- **Records from a data collection**:
----

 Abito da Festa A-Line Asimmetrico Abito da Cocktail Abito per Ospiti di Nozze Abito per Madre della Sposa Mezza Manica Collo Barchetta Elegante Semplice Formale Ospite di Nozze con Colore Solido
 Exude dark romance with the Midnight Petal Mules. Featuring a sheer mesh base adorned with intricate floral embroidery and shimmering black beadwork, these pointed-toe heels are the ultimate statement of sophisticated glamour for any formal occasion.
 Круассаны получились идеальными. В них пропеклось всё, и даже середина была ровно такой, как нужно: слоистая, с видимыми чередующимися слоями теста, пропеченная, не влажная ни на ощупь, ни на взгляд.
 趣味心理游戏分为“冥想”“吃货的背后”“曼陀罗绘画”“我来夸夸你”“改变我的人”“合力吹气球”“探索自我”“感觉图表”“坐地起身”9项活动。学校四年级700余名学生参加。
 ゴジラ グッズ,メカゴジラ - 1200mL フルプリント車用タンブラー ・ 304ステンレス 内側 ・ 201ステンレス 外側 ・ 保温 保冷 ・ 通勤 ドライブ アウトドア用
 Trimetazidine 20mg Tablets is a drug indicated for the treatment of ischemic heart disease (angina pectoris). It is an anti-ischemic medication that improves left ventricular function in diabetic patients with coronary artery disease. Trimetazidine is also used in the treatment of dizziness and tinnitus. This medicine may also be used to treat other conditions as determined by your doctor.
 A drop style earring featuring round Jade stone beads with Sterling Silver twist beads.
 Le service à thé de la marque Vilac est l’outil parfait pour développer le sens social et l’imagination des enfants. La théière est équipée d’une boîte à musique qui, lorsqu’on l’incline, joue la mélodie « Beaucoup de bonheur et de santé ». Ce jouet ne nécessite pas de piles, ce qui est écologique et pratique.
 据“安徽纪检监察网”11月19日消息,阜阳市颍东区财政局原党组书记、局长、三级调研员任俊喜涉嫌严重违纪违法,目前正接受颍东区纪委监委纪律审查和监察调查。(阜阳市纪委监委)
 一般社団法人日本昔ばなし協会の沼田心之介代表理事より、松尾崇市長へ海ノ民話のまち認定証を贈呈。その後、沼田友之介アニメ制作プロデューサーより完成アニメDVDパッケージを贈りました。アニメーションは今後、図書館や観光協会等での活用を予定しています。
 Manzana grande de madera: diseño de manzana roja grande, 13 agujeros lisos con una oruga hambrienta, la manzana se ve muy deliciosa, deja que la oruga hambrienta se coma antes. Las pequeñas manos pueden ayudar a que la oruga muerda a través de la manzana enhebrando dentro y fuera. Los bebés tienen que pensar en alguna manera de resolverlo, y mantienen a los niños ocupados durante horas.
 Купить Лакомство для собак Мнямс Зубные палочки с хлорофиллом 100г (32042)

----

Return the lines beginning at the one that contains "一般社団法人日本昔ばなし協会" and continuing through the last line of the data, exactly as they stand and without any others.

 一般社団法人日本昔ばなし協会の沼田心之介代表理事より、松尾崇市長へ海ノ民話のまち認定証を贈呈。その後、沼田友之介アニメ制作プロデューサーより完成アニメDVDパッケージを贈りました。アニメーションは今後、図書館や観光協会等での活用を予定しています。
 Manzana grande de madera: diseño de manzana roja grande, 13 agujeros lisos con una oruga hambrienta, la manzana se ve muy deliciosa, deja que la oruga hambrienta se coma antes. Las pequeñas manos pueden ayudar a que la oruga muerda a través de la manzana enhebrando dentro y fuera. Los bebés tienen que pensar en alguna manera de resolverlo, y mantienen a los niños ocupados durante horas.
 Купить Лакомство для собак Мнямс Зубные палочки с хлорофиллом 100г (32042)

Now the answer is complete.